Required action: Each entry below needs to be transcribed verbatim; the images should not appear.

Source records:
________________

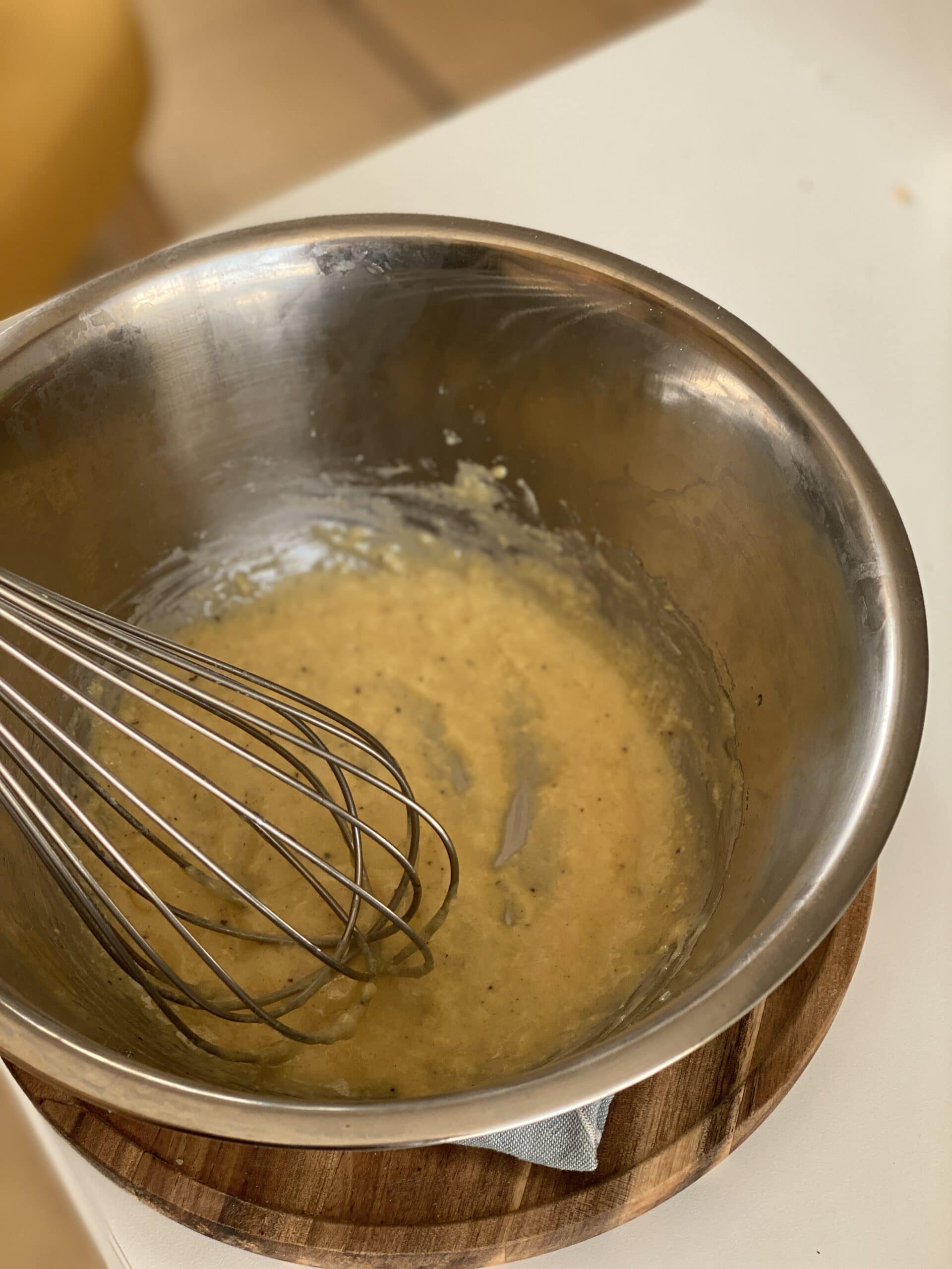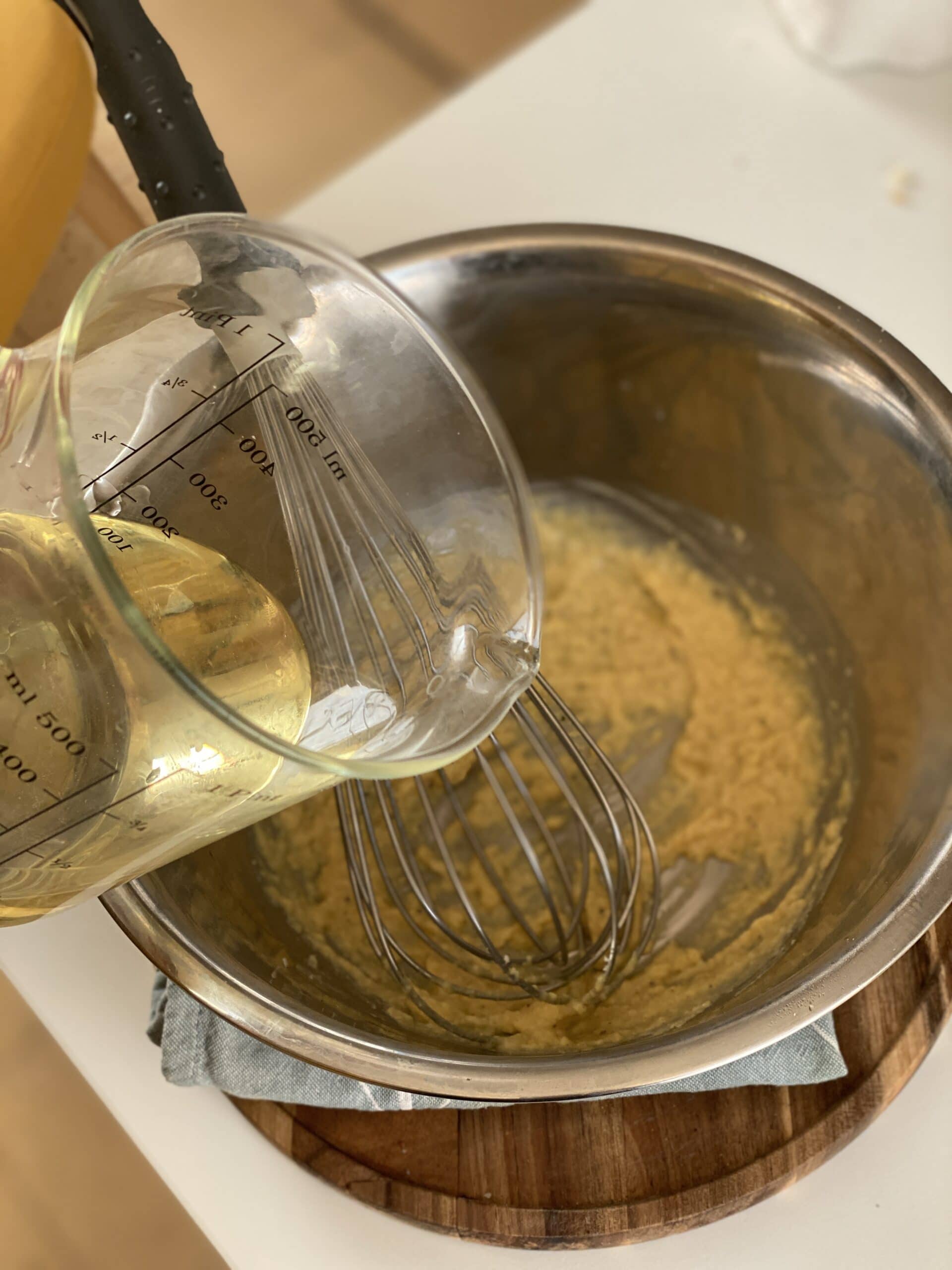 - מזלפים תוך כדי שימוש במטרפה את השמן באיטיות כדי שהויניגרט לא יישבר.
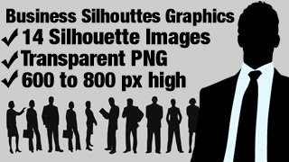 In this collection you will find various business and dance related silhouettes perfect for your reports, presentations, Powerpoints, videos and more. Each graphic file is between 600 to 800 pixels high, PNG transparent format. They are well suited for example for HD video.
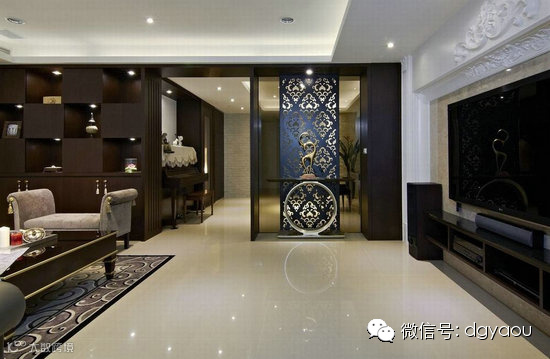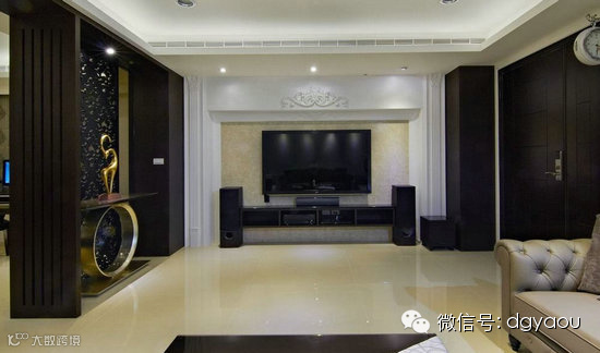 对应于巧夺天工的隔屏设计,设计师也在浅色大理石墙上饰以六层线板,足见电视墙的细腻质感。
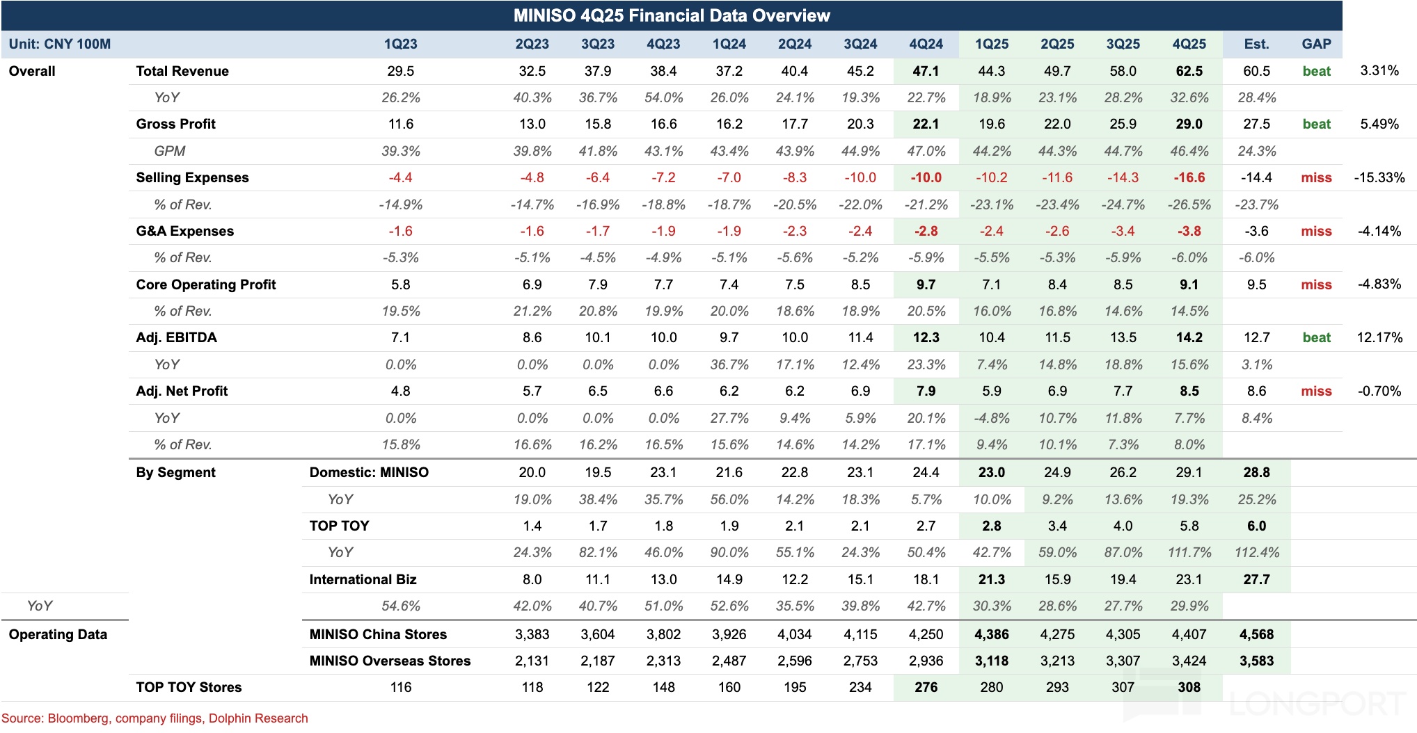 1) Revenue above guidance: Q4 FY25 group revenue reached RMB 6.25bn, up 32.6% YoY, beating the 20%-25% guidance given in Q3. By segment, helped by the full rollout of the large-format store strategy and the Nov Zootopia 2 collaboration, domestic same-store sales returned to double-digit growth, with the MINISO core brand up 25.2% YoY and accelerating QoQ. TOP TOY, driven by hit IPs such as Nommi, rose 112% YoY, extending the strong Q3 momentum.
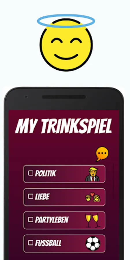 Here comes the best drinking game for your pre-drinking! Okay, admittedly: everyone says that. So why exactly this drinking game? Quite simple: Just imagine, you can use an app to tick exactly the topics that interest you and your circle of friends, so that you get a drinking game that suits you 100%. Sounds pretty nice, right? That's what MyTrinkspiel offers.
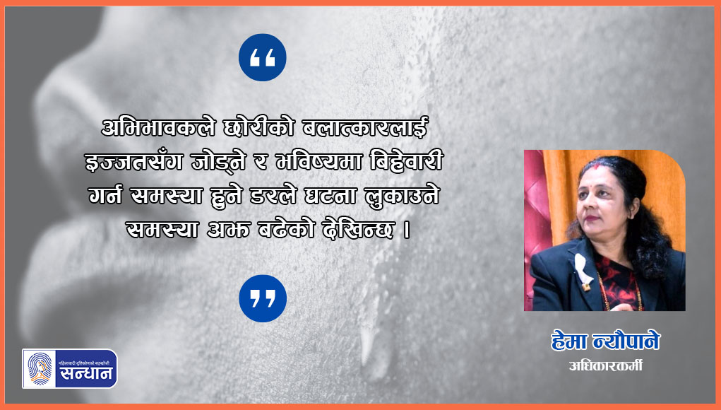 छोरीको न्यायका लागि प्रहरीमा उजुरी दिने अभिभावकहरू त बढेका छन् तर धेरैले न्याय पाउनसकेका छैनन् । न त पीडित बालिकाहरू घरपरिवार र समाजमा स्थापित हुन नै सकेका छन् ।

________________

Task result:
 - מזלפים תוך כדי שימוש במטרפה את השמן באיטיות כדי שהויניגרט לא יישבר.
 In this collection you will find various business and dance related silhouettes perfect for your reports, presentations, Powerpoints, videos and more. Each graphic file is between 600 to 800 pixels high, PNG transparent format. They are well suited for example for HD video.
 对应于巧夺天工的隔屏设计,设计师也在浅色大理石墙上饰以六层线板,足见电视墙的细腻质感。
 1) Revenue above guidance: Q4 FY25 group revenue reached RMB 6.25bn, up 32.6% YoY, beating the 20%-25% guidance given in Q3. By segment, helped by the full rollout of the large-format store strategy and the Nov Zootopia 2 collaboration, domestic same-store sales returned to double-digit growth, with the MINISO core brand up 25.2% YoY and accelerating QoQ. TOP TOY, driven by hit IPs such as Nommi, rose 112% YoY, extending the strong Q3 momentum.
 Here comes the best drinking game for your pre-drinking! Okay, admittedly: everyone says that. So why exactly this drinking game? Quite simple: Just imagine, you can use an app to tick exactly the topics that interest you and your circle of friends, so that you get a drinking game that suits you 100%. Sounds pretty nice, right? That's what MyTrinkspiel offers.
 छोरीको न्यायका लागि प्रहरीमा उजुरी दिने अभिभावकहरू त बढेका छन् तर धेरैले न्याय पाउनसकेका छैनन् । न त पीडित बालिकाहरू घरपरिवार र समाजमा स्थापित हुन नै सकेका छन् ।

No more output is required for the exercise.